LLMs are bad and dangerous for learning how to code in this class

advice

Posted

Sunday November 2, 2025 at 4:19 PM

In the first week of class, I had you read an article about how ChatGPT is philosophical “bullshit”, as well as this other post about AI and LLMs in this class.

I’ve seen a surprising increase in the amount of ChatGPT-based weekly check-ins and graph interpretations in the exercises. (In the past, I’ve even had students tell me they put PDFs of the slides into ChatGPT to generate interesting and confusing things.) Don’t do this! LLMs cannot find three things that you personally found interesting from the readings. LLMs are not you.

It’s a huge waste of time for all of us for me to spend time evaluating and grading output from ChatGPT. I want to read what you think and do, not what a computer invents.
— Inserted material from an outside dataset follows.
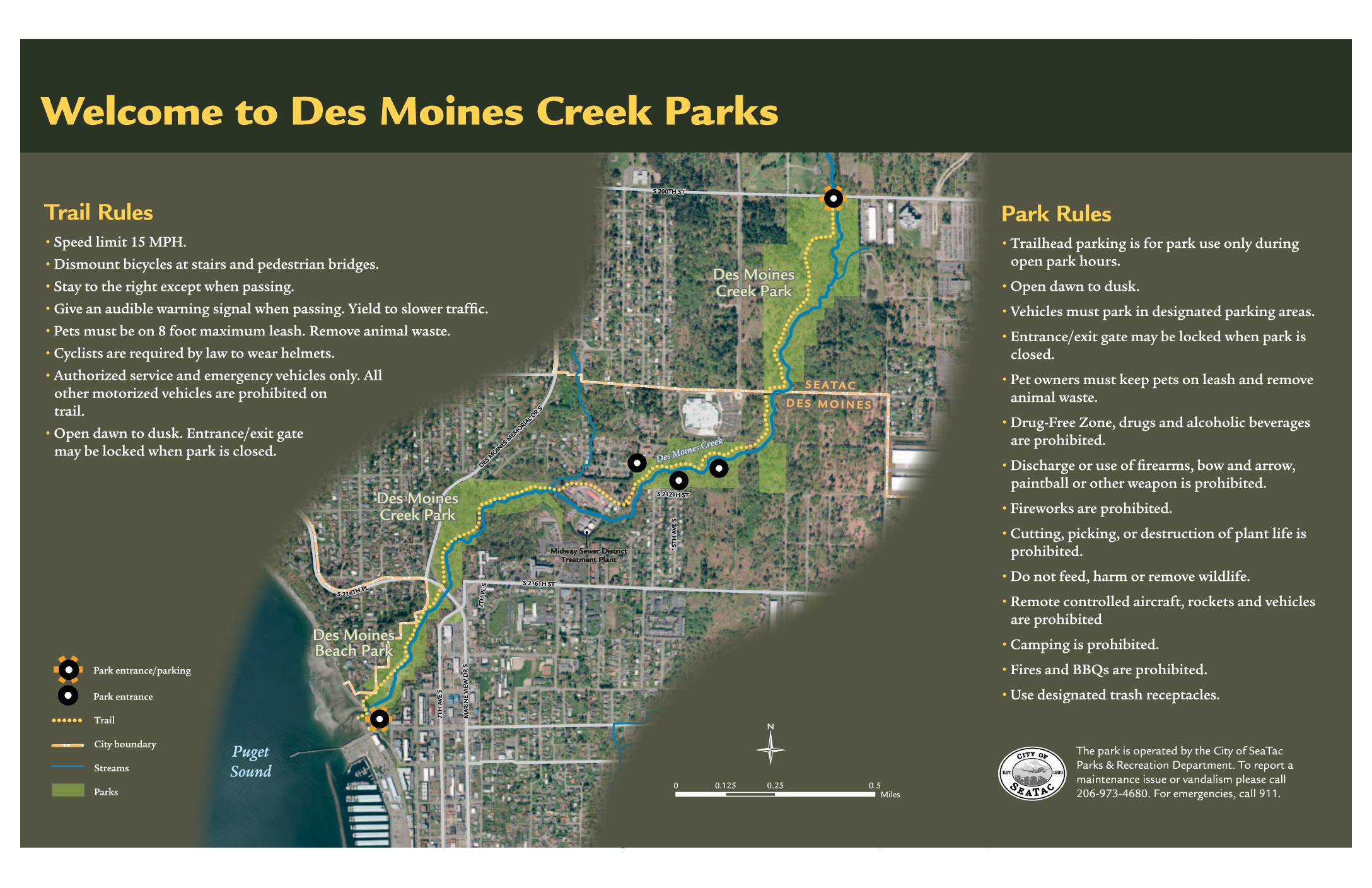 Commission misses opportunity to protect and maintain Des Moines Creek Trail Our comments on Item 8j ( Memo , Presentation ) where the Port Commission voted to renew the Des Moines Creek Basin Plan V5. The original 1997 plan came out of two practical concerns: hydrology and environmental. The airport plateau is the source of most -
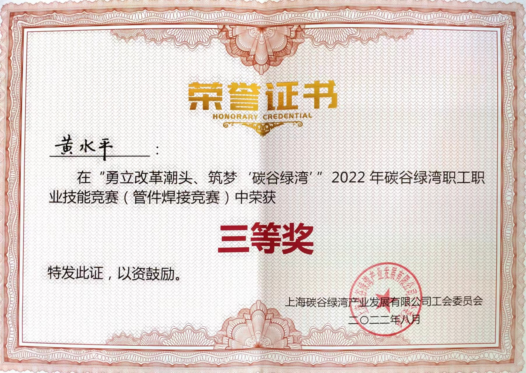 在“2022年碳谷绿湾职工职业技能竞赛”活动中,公司机修车间员工黄水平经过层层角逐,脱颖而出,荣获“管件焊接竞赛”三等奖。

My personal stance on AI and LLMs

Many of you have asked about how I think about and use LLMs in my own work (and in the class materials). Please check this short little page where I explain what I do with text, images, code, research, and learning.

In short, I do not use LLMs to create any of the materials for this class, and I do not use them to grade or evaluate any of your work.

As I mention in that post, LLMs are great resources for coding when you already know what you are doing. If you don’t know what you’re doing, they’re actually really, really, really detrimental to learning.

The main theme of this class is that you can use graphs to represent the truth of data, but there’s been an alarming increase in completely fake data in many of your assignments.

ChatGPT is advanced enough that you can upload one the plots that you have to recreate for an exercise and have it generate working R code to recreate it—or something close to it.

Magical, I guess?

But also awful. First, you’re not learning anything, and second, the only way it can do that with the datasets I’m giving you is by creating fake data.

This is tricky because making synthetic data is good practice for humans to do. In week 8 we talked about reprexes and how you should simplify complex plots down into minimal working examples to ask for help. This often involves either making a fake little toy dataset or using one of the built-in ones like mpg or penguins so that other people can run the code on their computer without needing to download and load and clean your specific data. After getting help and figuring out what’s wrong, it’s then your job to adapt the fix to your specific issue.

ChatGPT is doing kind of the same thing. It doesn’t know what your data looks like, so it makes up an example dataset. For instance, if you ask it to make a histogram of inflation-adjusted, per child spending on K-12 education in 2010, just like in Exercise 8, it might give you something like this:

library(tidyverse)

set.seed(42)

kids_k12 <- tibble(
  inf_adj_perchild = rnorm(1000, mean = 1000, sd = 800),
  region = sample(
    c("West", "Midwest", "South", "Northeast"),
    1000,
    replace = TRUE
  )
)

ggplot(kids_k12, aes(x = inf_adj_perchild, fill = region)) + 
  geom_histogram(binwidth = 1000, color = "white") + 
  facet_wrap(vars(region))

↑ That’s good practice for a reproducible example. That creates a column called inf_adj_perchild with 1000 numbers in it with an average of $1000 and a standard deviation of $800, and it creates a column called region that randomly chooses one of those four regions. It even makes a histogram. Run it in R and it’ll work. Go ahead! Try it!

But none of that is real. Literally nothing.

Remember the definition of philosophical bullshit: it’s “speech or text produced without concern for its truth.” LLMs don’t care whether the text or code or data they generate are true—they only care about whether it looks plausible.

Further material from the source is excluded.